Subsequent targeted therapy after antiangiogenic therapy:

  • Nivolumab 240 mg IV q2wk or 480 mg q4wk over 30 min until disease progression or unacceptable toxicity [30] or
  • Cabozantinib (Cabometyx) 60 mg PO once daily [31] or
  • Envatinib 18 mg plus  everolimus 5 mg PO once daily until disease progression or unacceptable toxicity [32]

Subsequent targeted therapy after ≥2 systemic therapies:

  • Tivozanib 1.34 mg PO qDay on Days 1-21 of repeated 28-day cycles; continue until disease progression or unacceptable toxicity [33]
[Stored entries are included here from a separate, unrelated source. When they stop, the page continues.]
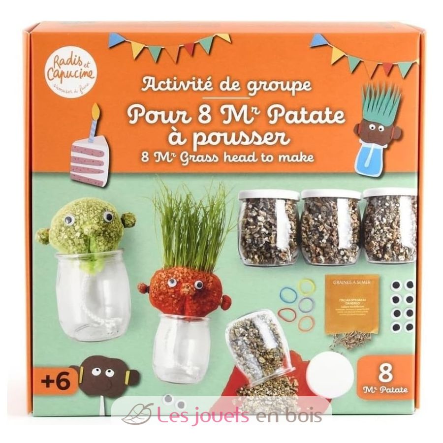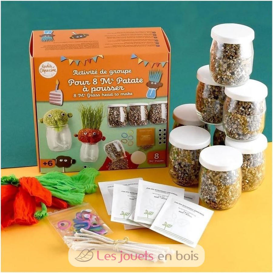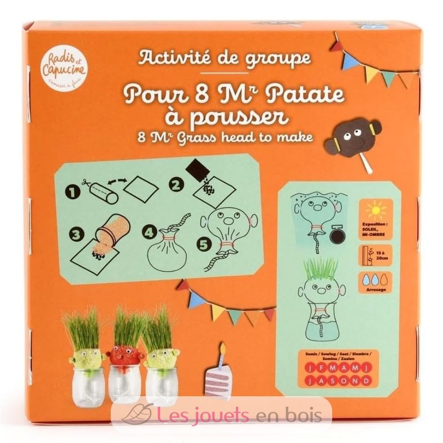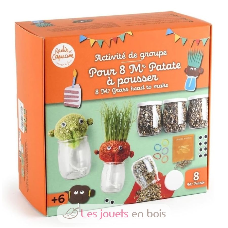 Perfect for birthday parties, school events, or a creative afternoon at home. Easy, fun, and mess-free, this kit allows kids to enjoy gardening while discovering the magic of germination. Each child can also personalize their Mr Grass head with eyes, a mouth… for even more laughs!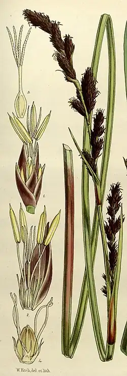 1. ^ a b c d Hooker, J.D. (1860). "Lepidosperma Oldfieldii". The Botany of the Antarctic Voyage of H.M. Discovery Ships Erebus and Terror. III. Flora Tasmaniae. 2 (7): 91. Plate CXLVI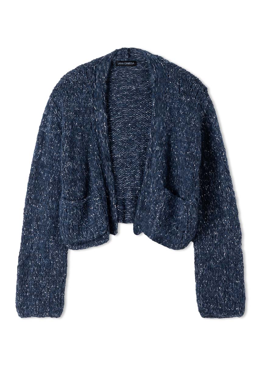 Bling! Pailletten sind Trend und sorgen bei diesem Cardigan für einen silbrigen Glow. Zur kurzen Form gibt’s überlange Ärmel. Gestrickt wird doppelfädig und hauptsächlich glatt rechts.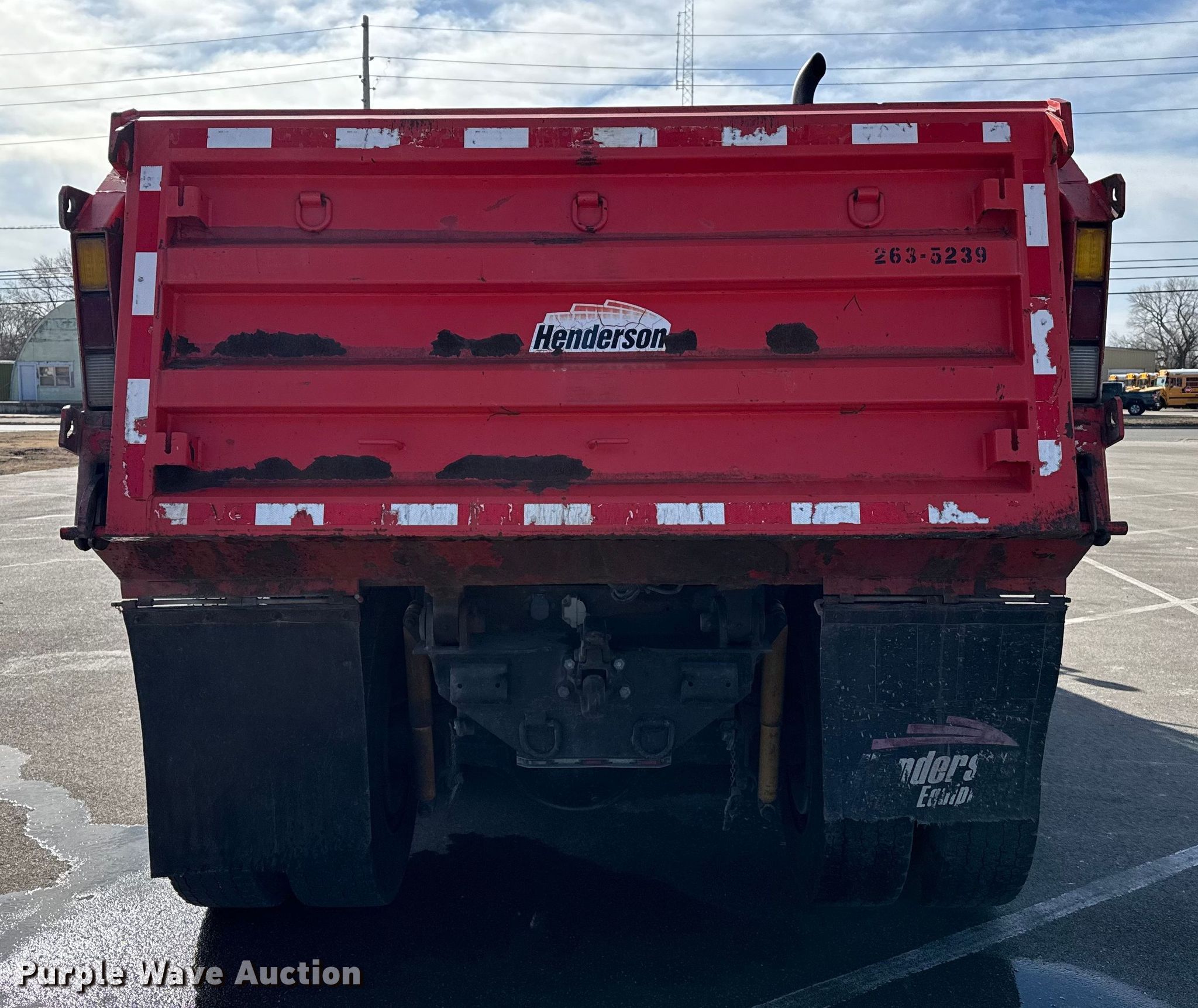 2009 Sterling L7500 Series dump truck. Miles: 161,283 on odometer, Hours: 2,097 on meter, VIN: 2FZHATBS79AAK1886, KDOT ID: 263-5239. Engine Cummins ISC, Displacement: 8.3L, Cylinders: 6, Fuel type: Diesel. Transmission Automatic. Chassis Axles: Tandem, Differential lock: Inter-axle, Suspension: Spring over walking beam, Brakes: Air, Front mount PTO. Interior AC, Heat, Cruise control. Features Bed Dump bed, Henderson, Length: 14', Width: 96", Bed type: Steel, Roll tarp, Ram: Single, End gate: Air operated, Plow Henderson, Width: 144". Tires Front: 315/80R22.5, Rear: 275/80R22.5. Titles will be distributed after confirmation of payment and removal. Kansas title. Title distribution may be delayed up to 30 days from verification of funds. Kansas Department of Transportation-Shop. Hutchinson, KS 67504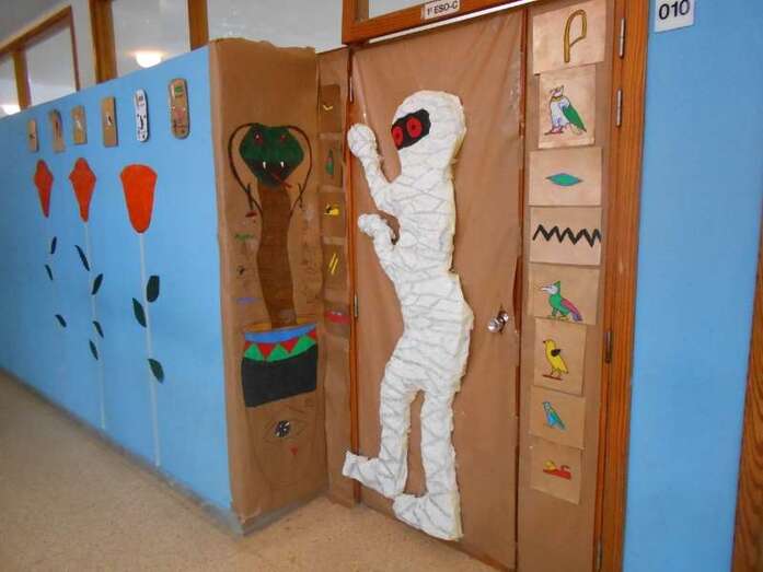 Telde.- Las puertas y paredes de las aulas de varios grupos del IES José Frugoni Pérez (La Rocha) se han “disfrazado” durante estos días con motivos alusivos al tema de Historia que estaban estudiando. Desde el antiguo Egipto hasta los ‘felices años 20’ o desde Roma hasta la Revolución Industrial. De esta forma celebraron el Carnaval.

Stage IV, relapsed, or recurrent disease for patients with predominantly non–clear cell histology

Clinical trial (preferred) or:

  • Temsirolimus 25 mg IV weekly; continue until disease progression [34, 35] or

  • Sorafenib 400 mg PO (two 200 mg tablets) twice daily either 1 h before or 2 h after meals or

  • Sunitinib 50 mg PO daily; 6-week cycle (4 weeks on followed by 2 weeks off treatment, then repeat) or

  • Pazopanib 800 mg PO once daily either 1 h before or 2 h after meals or

  • Axitinib 5 mg PO q12 h or

  • Everolimus 10 mg PO once daily or

  • Bevacizumab 10 mg/kg IV q2wk or

  • Erlotinib 150 mg once daily (off-label use; not approved by the US Food and Drug Administration [FDA] for renal cell carcinoma) or

  • Gemcitabine and doxorubicin for disease with sarcomatoid-only features: doxorubicin 50 mg/m2 IV push on day 1 plus gemcitabine 1500 or 2000 mg/m2 IV on day 1 every 2-3 wk with granulocyte colony-stimulating factor (G-CSF) support [36] or

  • Supportive care

Supportive care for metastatic disease

Supportive care is essential for patients diagnosed with metastatic renal cell carcinoma and may include any of the following:

  • Palliative radiation therapy
  • Metastasectomy [16]
  • Bisphosphonates for bony metastasis [37]

Special considerations

Tyrosine kinase inhibitors have the potential to cause hand-foot syndrome, which usually consists of blisters, hyperkeratosis in areas of friction, acral erythema with or without paresthesias, and pain in the palms and soles. For mild (grade I) changes, topical corticosteroids and moisturizers are helpful; dose reduction may be needed for grade II changes, and temporary discontinuance of the drug may be needed for grade III. This condition is more common with sorafenib (30-60%).

Other common adverse events seen with sorafenib are rash, upper and lower gastrointestinal distress (eg, diarrhea), fatigue, and hypertension. These typically range from grade I to III in severity. [38]

Mammalian target of rapamycin (mTOR) inhibitors have common toxicities, including skin rash, asthenia, loss of appetite, and nausea; anemia is common.